■ Data section

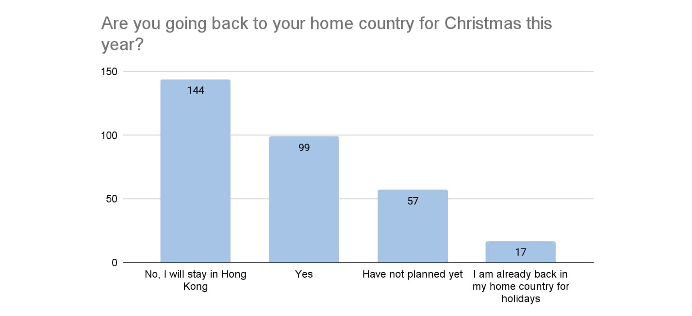With the end of Covid-19 restrictions, 31.2% of respondents answered that they were going home for Christmas this year, while 5.4% declared already being home for holidays. However, 45.4% are going to stay in Hong Kong once again. Mahee Leclerc, General Manager of HelperChoice comments:
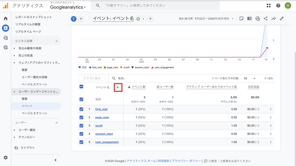左メニューから [レポート] > [ユーザー エンゲージメントとユーザー維持率の把握] > [イベント] から「イベント名」の右の+マークをクリックする
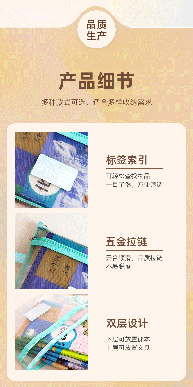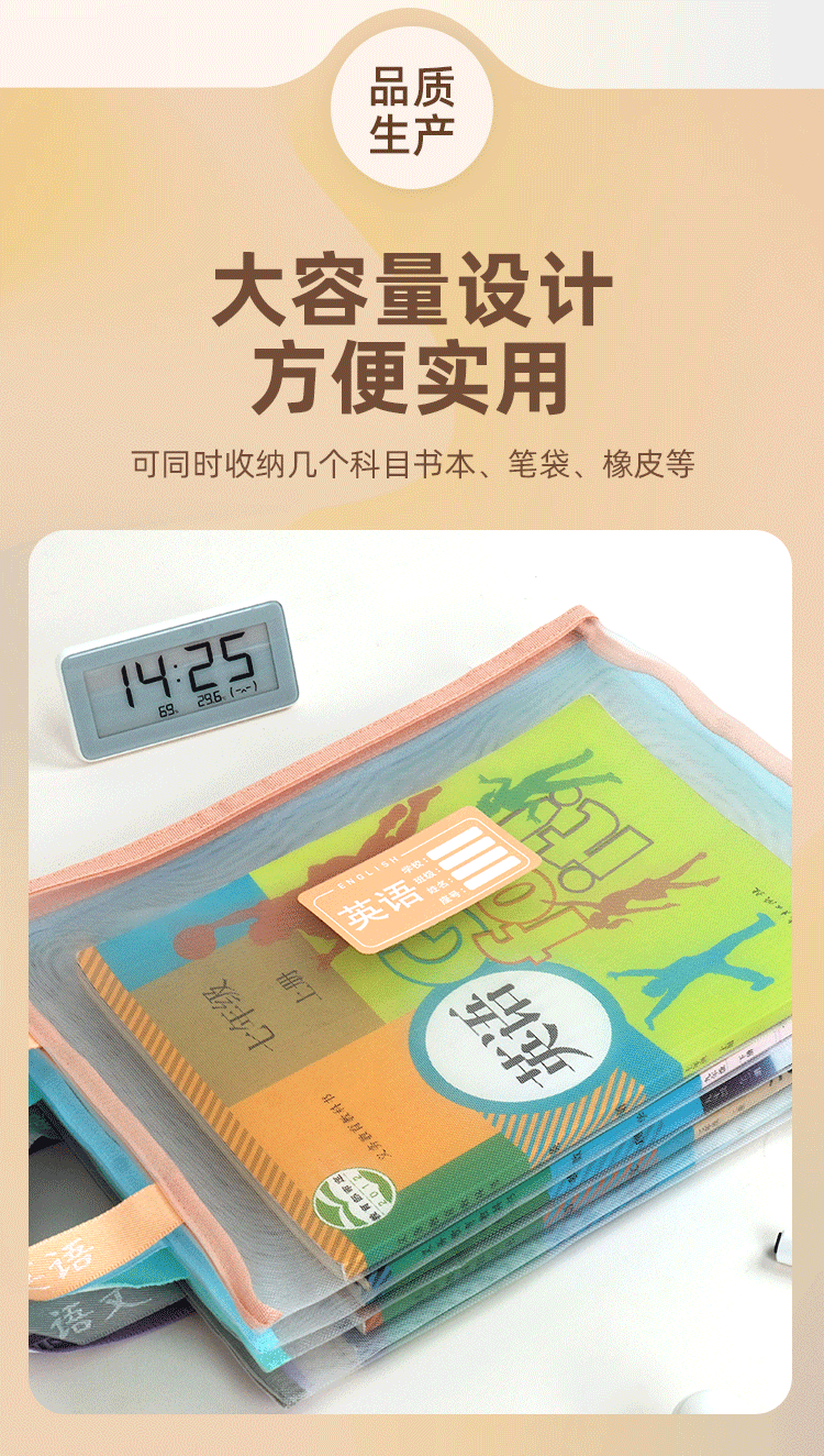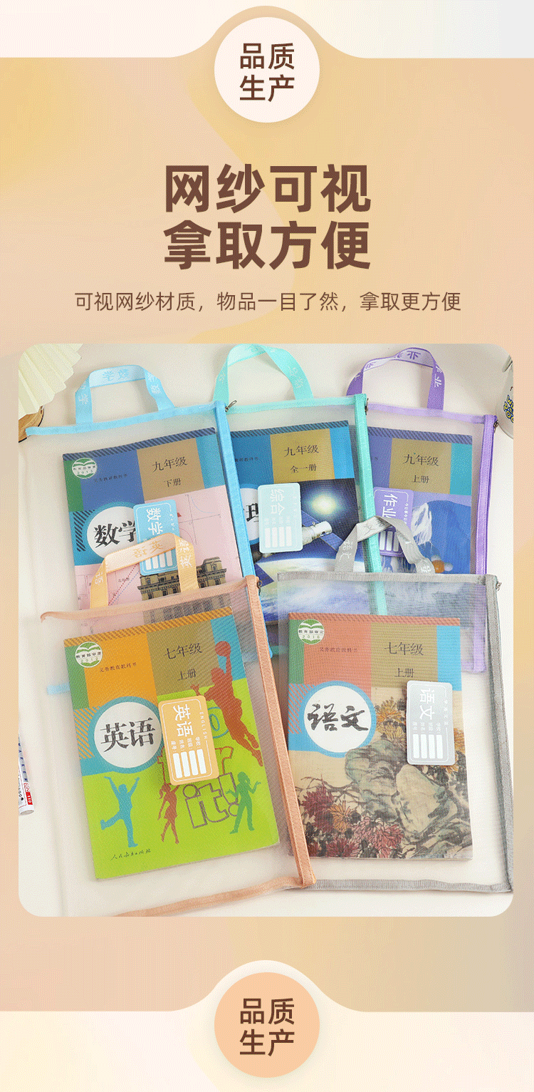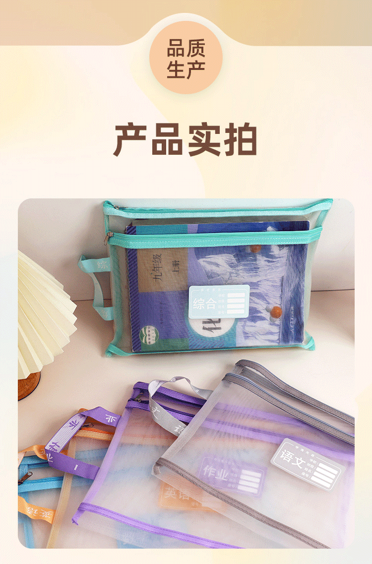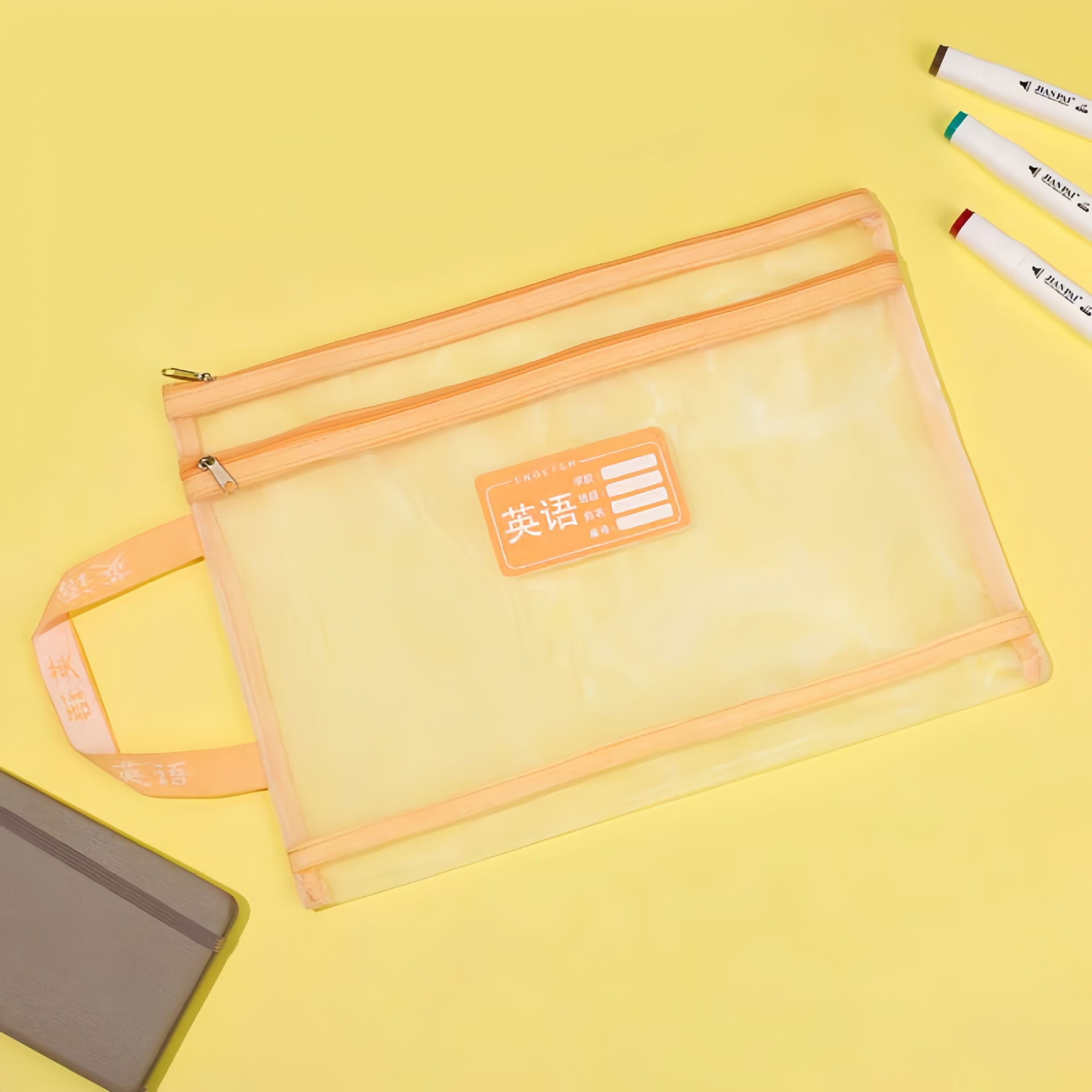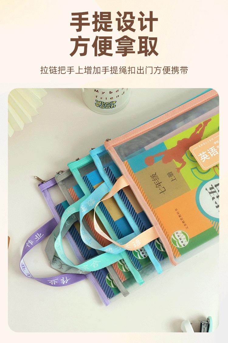 专用大开口文件袋科目袋网纱拉链式学生手提袋考试补习收纳作业袋
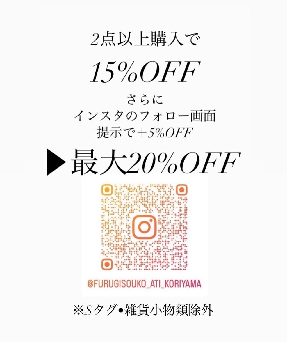 -古着倉庫Ati郡山店- 2点以上購入で15%OFF インスタフォロー画面提示で+5%OFF 最大20%OFFです! #古着 #古着屋 #福島古着屋 #郡山古着屋 #古着倉庫米沢 #古着倉庫 #郡山駅前 #郡山 #郡山市 #いわき #白河市 #須賀川市 #いわき市 #二本松市 #新潟

■ Description of the task
Please copy the data above exactly, omitting the pictures.

■ Exercise response
With the end of Covid-19 restrictions, 31.2% of respondents answered that they were going home for Christmas this year, while 5.4% declared already being home for holidays. However, 45.4% are going to stay in Hong Kong once again. Mahee Leclerc, General Manager of HelperChoice comments:
左メニューから [レポート] > [ユーザー エンゲージメントとユーザー維持率の把握] > [イベント] から「イベント名」の右の+マークをクリックする
 专用大开口文件袋科目袋网纱拉链式学生手提袋考试补习收纳作业袋
 -古着倉庫Ati郡山店- 2点以上購入で15%OFF インスタフォロー画面提示で+5%OFF 最大20%OFFです! #古着 #古着屋 #福島古着屋 #郡山古着屋 #古着倉庫米沢 #古着倉庫 #郡山駅前 #郡山 #郡山市 #いわき #白河市 #須賀川市 #いわき市 #二本松市 #新潟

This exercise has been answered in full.